TASK ITEM: Your answer must be the exact lines of the listing below that run from the line with "Die Käsekuchen-Füllung gleichmäßig" to the line with "- 62. #Cassandra", ends included, and no pictures.

GIVEN DATA:
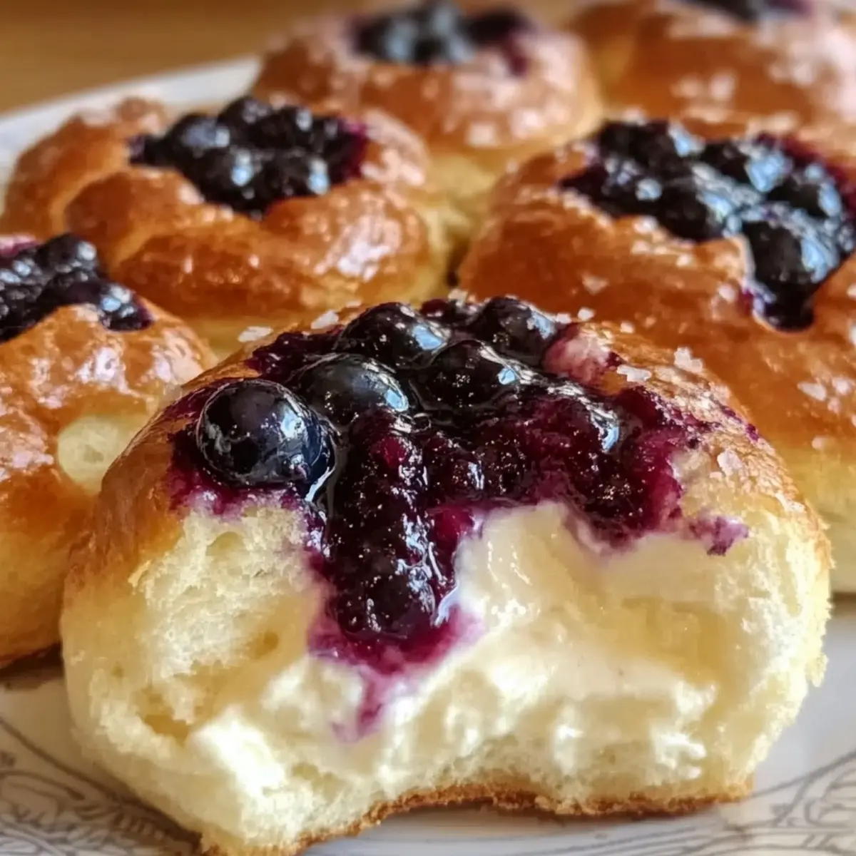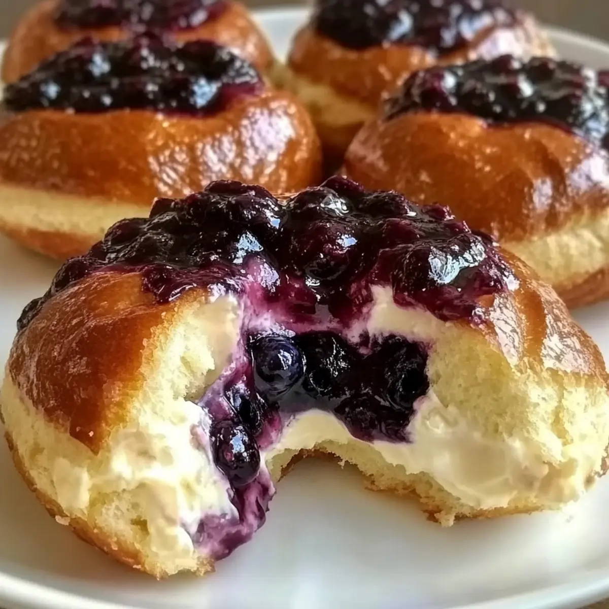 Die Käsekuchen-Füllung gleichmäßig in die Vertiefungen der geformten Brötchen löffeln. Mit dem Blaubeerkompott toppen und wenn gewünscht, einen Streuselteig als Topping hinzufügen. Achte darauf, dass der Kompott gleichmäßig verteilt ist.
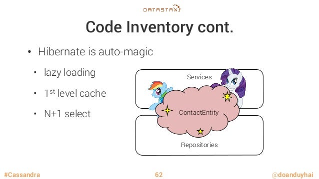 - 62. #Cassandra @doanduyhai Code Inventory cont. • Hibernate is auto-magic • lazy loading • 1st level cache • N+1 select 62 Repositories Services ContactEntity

...

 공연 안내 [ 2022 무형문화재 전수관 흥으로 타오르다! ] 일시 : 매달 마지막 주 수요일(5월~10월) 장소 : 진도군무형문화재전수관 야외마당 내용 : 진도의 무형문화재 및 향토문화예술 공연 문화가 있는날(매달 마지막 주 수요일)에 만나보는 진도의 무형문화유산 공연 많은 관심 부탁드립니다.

EXERCISE ANSWER:
 Die Käsekuchen-Füllung gleichmäßig in die Vertiefungen der geformten Brötchen löffeln. Mit dem Blaubeerkompott toppen und wenn gewünscht, einen Streuselteig als Topping hinzufügen. Achte darauf, dass der Kompott gleichmäßig verteilt ist.
 - 62. #Cassandra @doanduyhai Code Inventory cont. • Hibernate is auto-magic • lazy loading • 1st level cache • N+1 select 62 Repositories Services ContactEntity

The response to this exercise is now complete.